Noooo…no more Aiden. He was a whiny, needy man who acted too much like the chick in the relationship. I couldn’t stand how clingy he was with Carrie. The dude had way too many issues we never learned about…

entropy71

yes i couldn’t stand aiden either; however, the story line was akin to that time in their lives where women don’t want the man who is accessible and open, they want a chase
and unfortunately they get burned over and over again for it
you get older your legs get tired and waht you want changes
i liked the steve/miranda story line, i thought it was realistic and relateable

Dan

damn

Barbara Doduk

If you don’t mind, I’d like to add my 2 cents.

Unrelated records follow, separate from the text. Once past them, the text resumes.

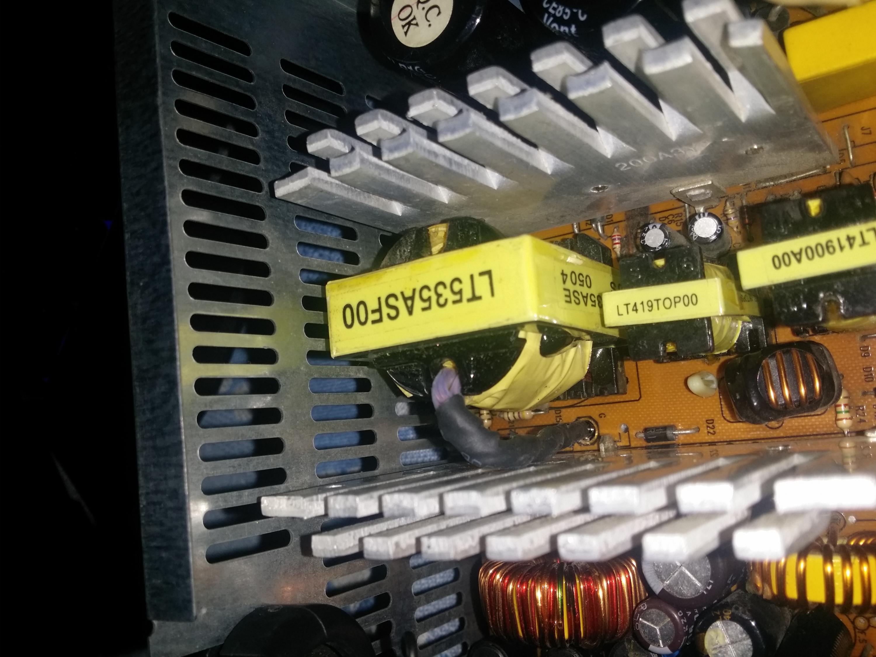 The pcb has spots for 2 output caps per rail and pi coils, but none has been installed! 2 caps are bulging.
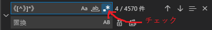 次に、検索ボックスの中に[[^]]*]と入力してください。
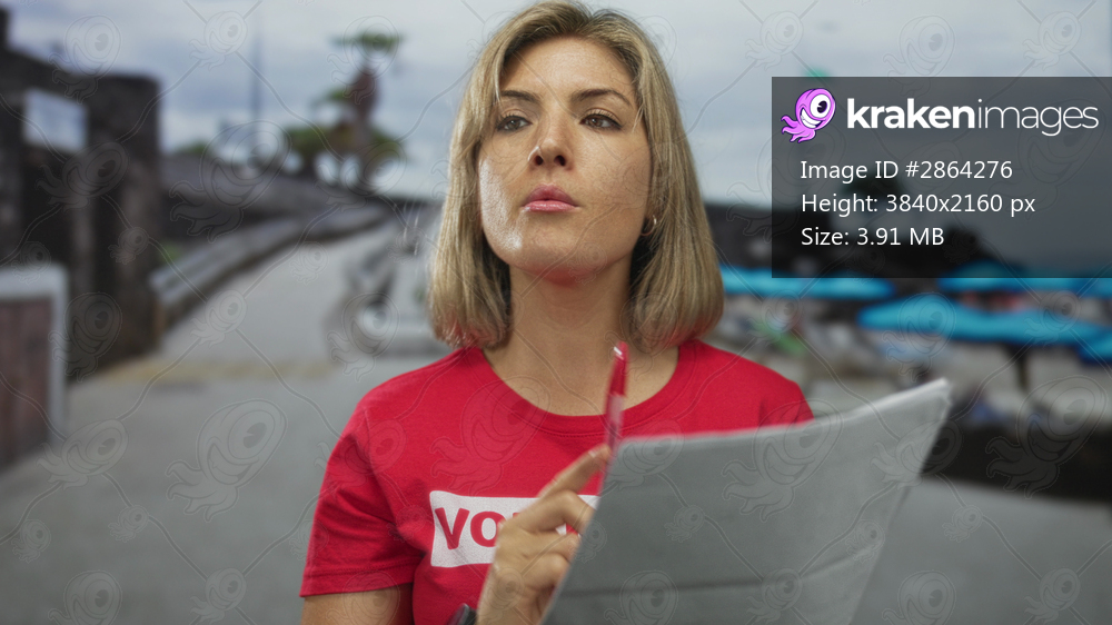 Woman in red volunteer shirt holds pen finger to lips on street by seaside with focused look; calm reflection.
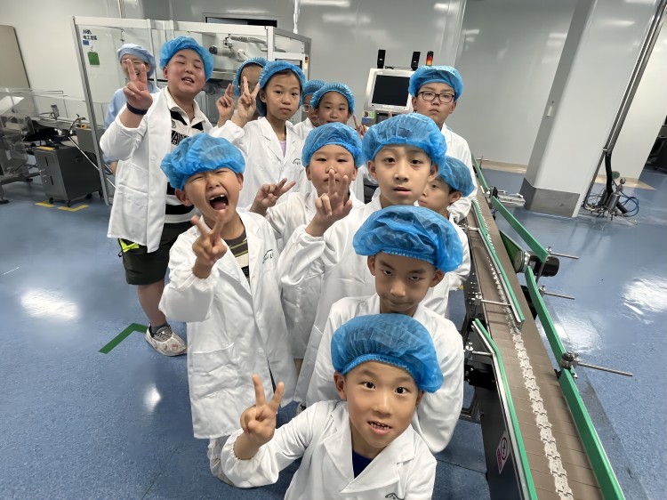 緊接著孩子們來(lái)到了小容量注射劑1號(hào)車間。在進(jìn)入生產(chǎn)區(qū)的剎那,透過巨大的玻璃展窗,孩子們發(fā)出陣陣驚嘆——儲(chǔ)水罐猶如高大威猛的巨人,佇立在光亮整潔的制水間內(nèi)。注射液的誕生之路便從這里開始。在滅菌間內(nèi),孩子們對(duì)巨大的鐵柜子充滿了好奇,它就是飽和蒸汽滅菌柜,是藥支“蒸桑拿”的地方。孩子們?cè)谶@里學(xué)習(xí)到了溫度與微生物之間的親密關(guān)系。在燈檢間內(nèi),巨大的星輪圓盤與隊(duì)列整齊的藥支們?cè)V說著質(zhì)量第一的故事。最后,在包裝間內(nèi),從分托入托機(jī)到裝箱機(jī),藥支們陸續(xù)穿上漂亮的服裝,成功誕生為完整的產(chǎn)品。孩子們了解到,每一支注射劑的誕生,都是科技與智慧的結(jié)晶,是保護(hù)人類健康的超級(jí)英雄。

I used to think I’d be okay never marrying again, but there is something more official about being married, than there is about having a “boyfriend”.

I was married once (@ 22), and ending it and getting divorced was just as official as the marriage. I didn’t understand who I was at 22 though. I was then in a 7 year common law situation. He wanted to marry me but deep down I knew I didn’t want to marry him, and sure enough after attempting to make it work, I left. Single again @ 33.

Then I met the man I am with now. We became friends first. He is still my best friend.

I don’t think women should “Settle” in a relationship for the sake of having one. I don’t need a boyfriend as an accessory to my life. I don’t need fairy tale romance that is sold in movies. But I do need a best friend, a real person, a partnership and a man I can spend my life with that respects me enough to marry me.

I don’t need the huge wedding bullcrap, or the trappings that men run from. I don’t even need kids and the like. I don’t need to control a man and I don’t want to be controlled. That isn’t what I want, they sell those relationship horror stories in movies too. No wonder men run!

I think the final point is, you should always have a life full enough with friends, family and full of yourself so that you could reasonably live it without ever getting married or needing to have a man just for the sake of it.

Yet the man that respects you for having that completeness without him, and knows he is respected for his life outside yours… that is the perfect ending.

As sappy or silly as it sounds. I love waking up to find my man in bed next to me. I could live without him sure… but why would I want to? Sure I could spend my life with him without ever getting married. However I would very much like to become his wife, I’d be proud to be his wife, and it would make me feel like the relationship is complete.